- _What to produce_:
Beginning with the line that contains "Kruising met gedetailleerde" and ending with the line that contains "So viel süße", reproduce the lines of the entries below exactly, omitting pictures.

- _Data for the task_:
BEGIN

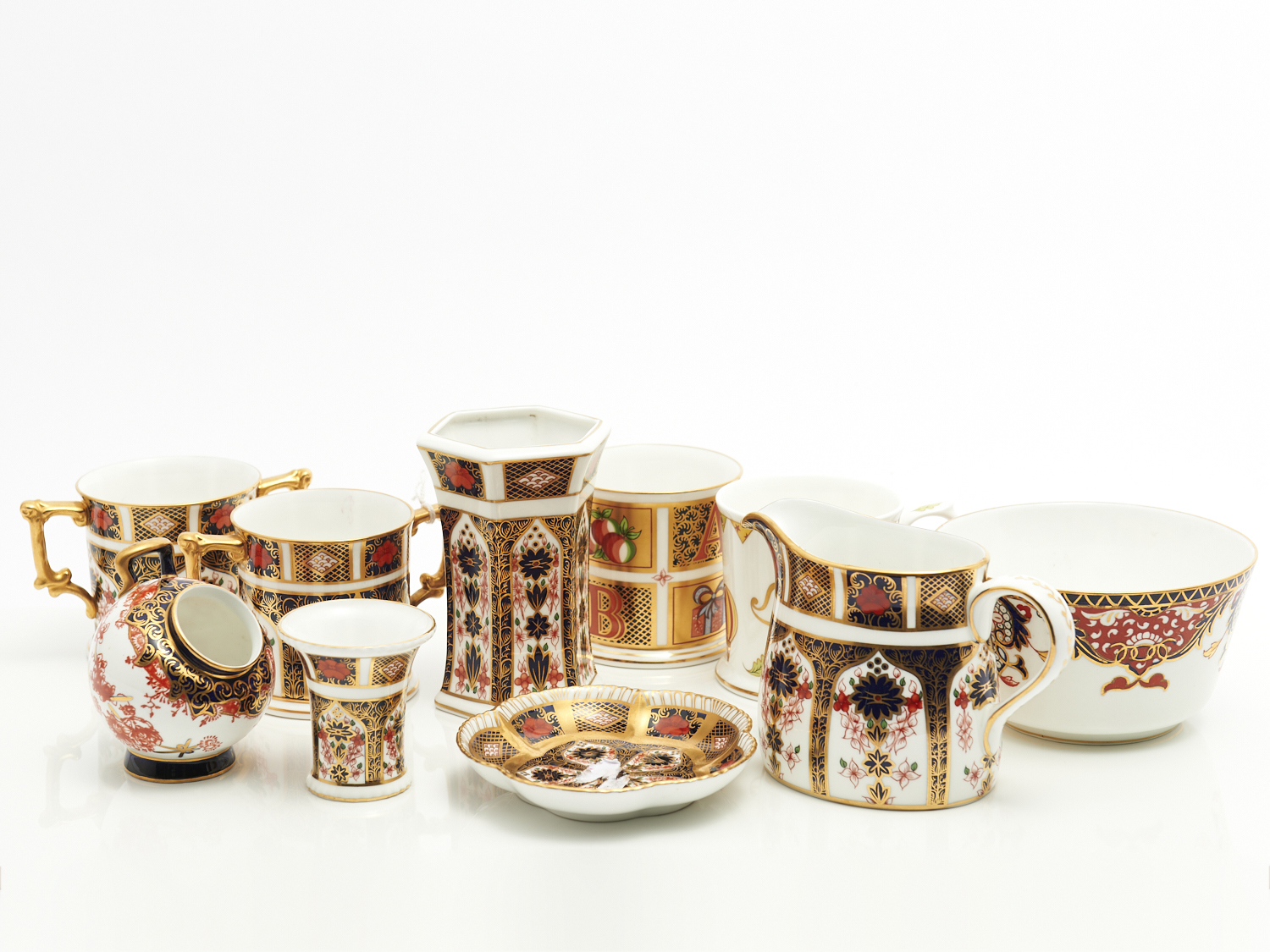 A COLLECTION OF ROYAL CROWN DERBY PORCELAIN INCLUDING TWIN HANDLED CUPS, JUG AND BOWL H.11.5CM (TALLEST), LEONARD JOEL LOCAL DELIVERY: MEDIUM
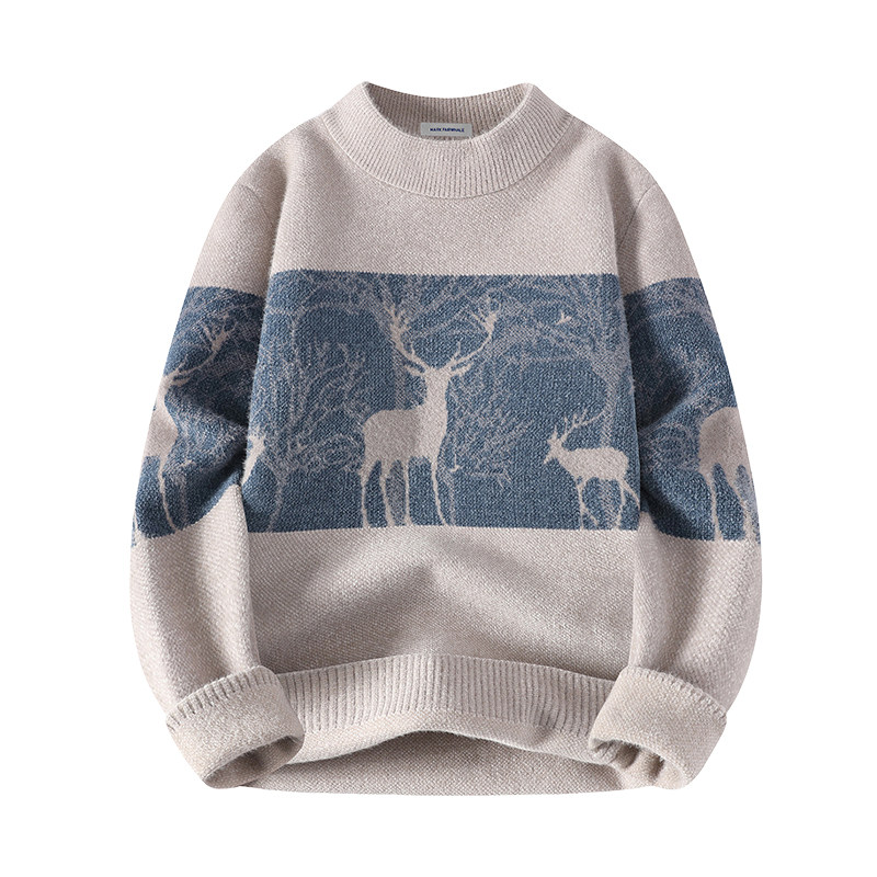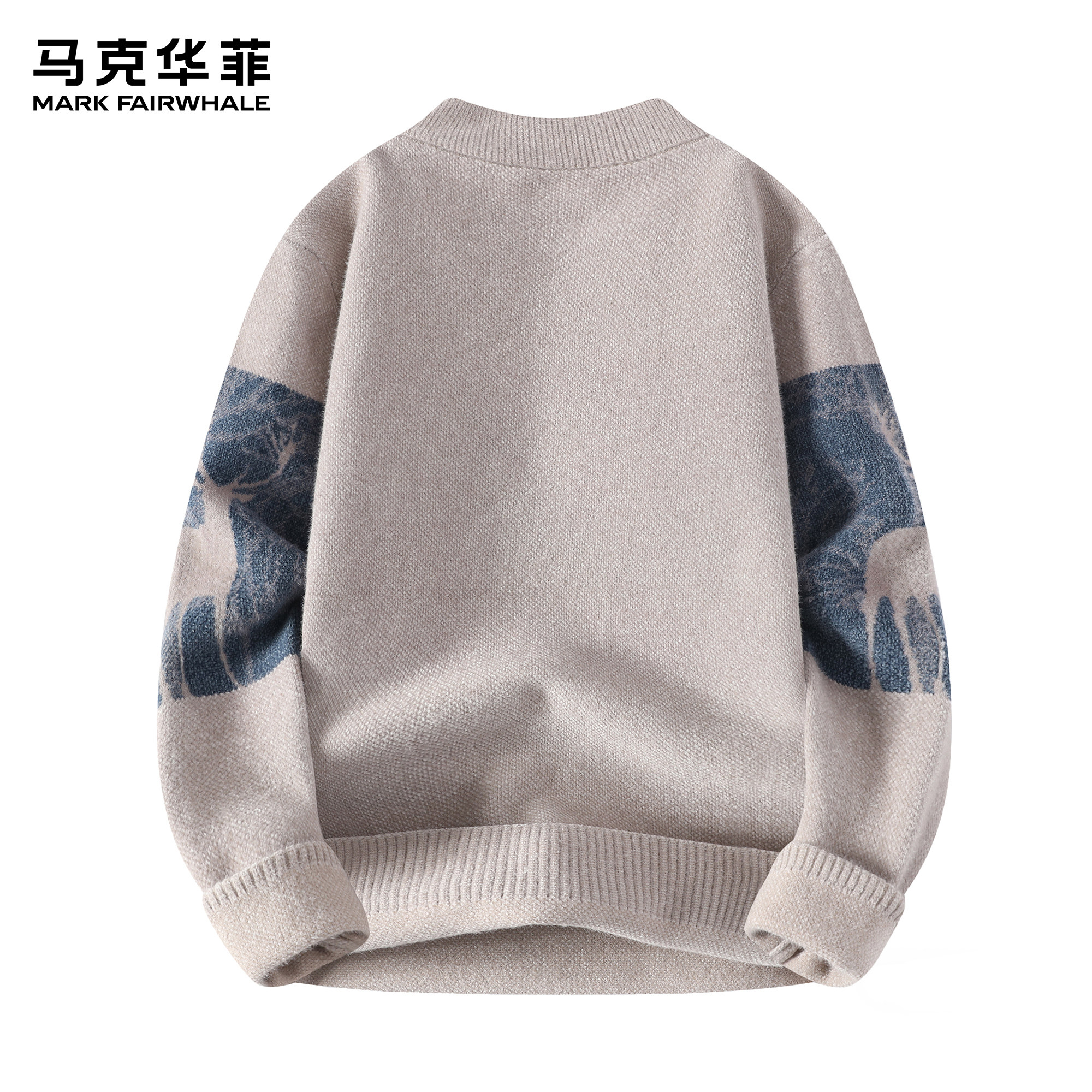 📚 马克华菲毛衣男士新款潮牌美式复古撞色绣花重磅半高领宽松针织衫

END
BEGIN

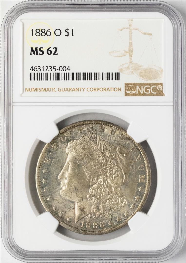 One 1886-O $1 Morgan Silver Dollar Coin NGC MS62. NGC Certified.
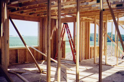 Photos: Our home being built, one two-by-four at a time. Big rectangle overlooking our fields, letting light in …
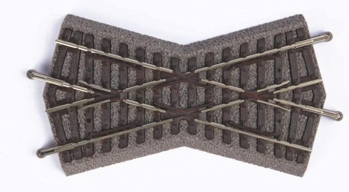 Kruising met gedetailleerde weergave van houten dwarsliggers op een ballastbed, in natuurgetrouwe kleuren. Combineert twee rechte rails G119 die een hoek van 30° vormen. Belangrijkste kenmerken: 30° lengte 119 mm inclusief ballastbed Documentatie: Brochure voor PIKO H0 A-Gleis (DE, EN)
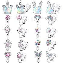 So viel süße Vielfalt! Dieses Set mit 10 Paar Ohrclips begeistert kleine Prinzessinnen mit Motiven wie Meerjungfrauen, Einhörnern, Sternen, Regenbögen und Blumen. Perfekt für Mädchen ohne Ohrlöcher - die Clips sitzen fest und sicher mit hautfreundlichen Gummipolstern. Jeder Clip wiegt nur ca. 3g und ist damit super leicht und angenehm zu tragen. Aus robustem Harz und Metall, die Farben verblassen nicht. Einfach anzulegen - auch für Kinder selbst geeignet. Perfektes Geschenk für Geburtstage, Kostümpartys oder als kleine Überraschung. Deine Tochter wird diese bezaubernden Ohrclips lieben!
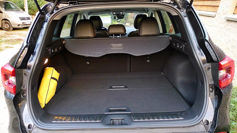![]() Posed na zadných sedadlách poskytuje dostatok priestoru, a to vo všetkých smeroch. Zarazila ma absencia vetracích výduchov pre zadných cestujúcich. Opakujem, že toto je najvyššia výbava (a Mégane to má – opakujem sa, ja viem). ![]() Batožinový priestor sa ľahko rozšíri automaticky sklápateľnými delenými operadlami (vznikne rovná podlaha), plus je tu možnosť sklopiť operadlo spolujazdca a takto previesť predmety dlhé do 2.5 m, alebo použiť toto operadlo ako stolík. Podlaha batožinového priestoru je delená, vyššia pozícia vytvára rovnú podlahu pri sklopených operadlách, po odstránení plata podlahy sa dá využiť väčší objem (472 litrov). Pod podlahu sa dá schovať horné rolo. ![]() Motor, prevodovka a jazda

END
BEGIN

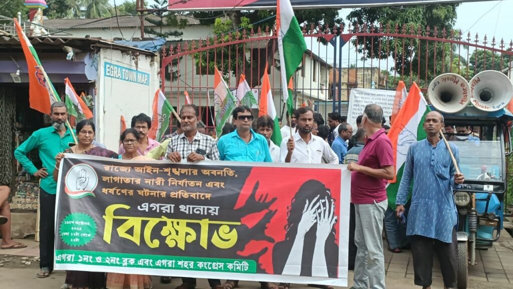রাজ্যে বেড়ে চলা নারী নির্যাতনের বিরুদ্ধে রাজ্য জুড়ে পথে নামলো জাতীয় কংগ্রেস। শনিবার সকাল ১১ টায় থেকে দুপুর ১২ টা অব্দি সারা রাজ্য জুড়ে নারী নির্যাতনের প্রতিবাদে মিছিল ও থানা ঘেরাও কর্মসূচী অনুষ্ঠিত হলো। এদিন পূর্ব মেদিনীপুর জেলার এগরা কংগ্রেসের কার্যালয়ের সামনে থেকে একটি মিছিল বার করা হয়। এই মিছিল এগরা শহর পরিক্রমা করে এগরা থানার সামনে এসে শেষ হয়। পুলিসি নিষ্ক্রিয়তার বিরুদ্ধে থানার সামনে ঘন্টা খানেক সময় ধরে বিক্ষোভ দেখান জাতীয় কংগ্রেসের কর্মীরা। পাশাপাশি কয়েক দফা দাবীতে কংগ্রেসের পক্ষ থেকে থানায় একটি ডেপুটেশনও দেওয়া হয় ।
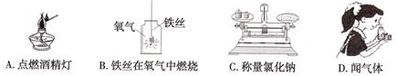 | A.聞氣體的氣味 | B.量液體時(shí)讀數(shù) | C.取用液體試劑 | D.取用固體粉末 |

END

- _Response area_:
 Kruising met gedetailleerde weergave van houten dwarsliggers op een ballastbed, in natuurgetrouwe kleuren. Combineert twee rechte rails G119 die een hoek van 30° vormen. Belangrijkste kenmerken: 30° lengte 119 mm inclusief ballastbed Documentatie: Brochure voor PIKO H0 A-Gleis (DE, EN)
 So viel süße Vielfalt! Dieses Set mit 10 Paar Ohrclips begeistert kleine Prinzessinnen mit Motiven wie Meerjungfrauen, Einhörnern, Sternen, Regenbögen und Blumen. Perfekt für Mädchen ohne Ohrlöcher - die Clips sitzen fest und sicher mit hautfreundlichen Gummipolstern. Jeder Clip wiegt nur ca. 3g und ist damit super leicht und angenehm zu tragen. Aus robustem Harz und Metall, die Farben verblassen nicht. Einfach anzulegen - auch für Kinder selbst geeignet. Perfektes Geschenk für Geburtstage, Kostümpartys oder als kleine Überraschung. Deine Tochter wird diese bezaubernden Ohrclips lieben!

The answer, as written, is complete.